The number of obesity cases reversed was calculated as the difference between the number of obesity cases at the baseline year and the number of obesity cases at the final year for all five participation durations. The χ2 test was used to assess the difference in the number of obesity cases between the baseline and final year in each duration scenario. The Cramer V value was calculated as a measure of effect size. The number needed to treat (NNT; number of children need to be involved in the intervention to reverse one additional obesity case) was calculated by using a modification to the standard equation. First, the difference in the favorable clinical outcome rate between the experimental group and the control group was calculated (i.e., the difference between obesity reversal rates). In the next step, the NNT was calculated as the inverse of this number and rounded up to the higher whole number [(15)].
An independent-sample t test was used to check baseline differences in age, triceps skinfold measurements, height, BMI, and school baseline obesity prevalence between the intervention group and the control group. All statistical analyses were stratified by sex and were performed by using SPSS Statistics 26.0 (IBM Corp.), and statistical significance was set at α = 0.05.
RESULTS
There are 451 primary schools in Slovenia, out of which 216 (48%) were part of Healthy Lifestyle during the final year of the intervention. At baseline, the intervention cohort included 29,152 children, and the control cohort included 34,473 children. The number of participants in both the intervention cohort and control cohort dropped continuously as the duration of the intervention increased and amounted to 2337 (8%) and 4502 (13%) participants, respectively, in a 5-year participation scenario (Figure 1). This phenomenon was largely due to children finishing primary education and was in part due to children leaving the intervention. The differences between children who adhered to the intervention and their peers who dropped out at any point are shown in Supporting Information Tables S1 and S2. Children who dropped out were about 1 year older and they came from schools with slightly lower levels of baseline obesity.

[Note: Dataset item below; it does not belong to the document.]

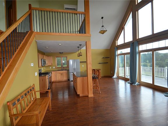 Situated high on a hilltop this magnificent home with three living levels offers views for miles all in the Marcellus School District. So close to the villages of Marcellus and Skaneateles this hard to find property features four bedrooms, three full baths, radiant floor heating, AC, solar panels for electric supply, two kitchens, and a spectacular wall of windows in the main level great room. The kitchen has all appliances with granite countertops and a custom built in breakfast bar area complete with Tiffany pendants and matching Tiffany ceiling lights. Cathedral ceiling in the great room and the master bedroom. A delightful loft area adjacent to the master bedroom offers 360 views of the countryside.
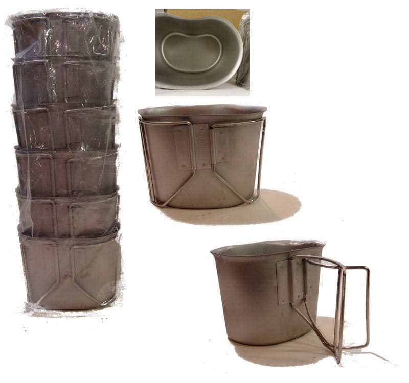 New genuine military issue canteen cup stainless steel with bi-swing wire handles

The characteristics of participants at baseline according to consecutive years of participation in the intervention are shown in Table 2. Age differences were apparent between the intervention and control groups in all five analyzed participation durations, with the age difference declining between groups with longer participation duration. The intervention group had a higher height percentile, BMI percentile, and prevalence of obesity in all five participation durations (Table 2).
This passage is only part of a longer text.